Paul Turano is aiming to enhance the Boston park experience with his new app, “Wander Wonder Wilderness.”
An eight-year visual and media arts professor at Emerson, Turano invented a multimedia platform that incorporates his multiple passions. Wander Wonder Wilderness is an app that allows users to document experiences they have at any green space or park in the greater Boston area. Users are called Wanderers, and can upload pictures, audio files, or journal entries for other people to see.
“It’s part of a bigger project, and so we use the term ‘multi-platform,’” Turano said. “It’s an interactive documentary that uses different platforms to deliver the content of the film.”

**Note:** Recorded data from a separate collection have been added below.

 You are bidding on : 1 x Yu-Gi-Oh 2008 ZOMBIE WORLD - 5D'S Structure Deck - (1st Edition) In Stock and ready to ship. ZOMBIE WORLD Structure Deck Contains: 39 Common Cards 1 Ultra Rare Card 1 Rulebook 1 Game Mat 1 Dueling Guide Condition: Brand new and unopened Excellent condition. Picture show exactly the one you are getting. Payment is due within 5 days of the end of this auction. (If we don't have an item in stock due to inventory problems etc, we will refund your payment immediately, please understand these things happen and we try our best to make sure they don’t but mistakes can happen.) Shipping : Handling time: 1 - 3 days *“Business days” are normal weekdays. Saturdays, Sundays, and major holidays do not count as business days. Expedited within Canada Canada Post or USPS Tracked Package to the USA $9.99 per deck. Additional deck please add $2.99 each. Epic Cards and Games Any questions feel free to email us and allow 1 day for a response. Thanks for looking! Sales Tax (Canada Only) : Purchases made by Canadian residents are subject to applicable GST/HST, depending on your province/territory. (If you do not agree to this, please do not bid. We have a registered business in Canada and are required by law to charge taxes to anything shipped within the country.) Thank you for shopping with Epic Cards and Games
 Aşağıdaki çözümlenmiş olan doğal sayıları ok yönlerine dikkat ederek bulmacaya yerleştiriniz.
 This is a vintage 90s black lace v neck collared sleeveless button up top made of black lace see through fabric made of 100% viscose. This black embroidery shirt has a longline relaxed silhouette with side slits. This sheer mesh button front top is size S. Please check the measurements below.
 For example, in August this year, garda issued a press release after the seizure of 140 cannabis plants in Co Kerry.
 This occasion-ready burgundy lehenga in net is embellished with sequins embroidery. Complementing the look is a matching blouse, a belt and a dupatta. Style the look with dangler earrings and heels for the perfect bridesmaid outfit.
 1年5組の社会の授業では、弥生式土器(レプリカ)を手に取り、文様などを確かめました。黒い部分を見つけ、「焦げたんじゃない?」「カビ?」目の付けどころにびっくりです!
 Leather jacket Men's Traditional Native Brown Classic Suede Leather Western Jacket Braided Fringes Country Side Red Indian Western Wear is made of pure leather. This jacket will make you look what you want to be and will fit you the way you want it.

After visiting Walden Pond, the same place Henry David Thoreau lived for years in seclusion, Turano said the idea came to him to become more in touch with nature. At the pond there was a pile of smooth rocks, according to Turano, that reminded him of Thoreau.
“When I saw that rock pile, I thought of it as like a participatory art sculpture,” Turano said. “I thought, ‘Wouldn’t it be interesting to try to create an opportunity for people to make media in green spaces, where they can document the experience they had, just like in Thoreau’s site?’”
This inspiration lead Turano to create a similar experience for Wanderers. Like Thoreau, Turano said he believes that spending time outdoors, and in nature, is beneficial to us.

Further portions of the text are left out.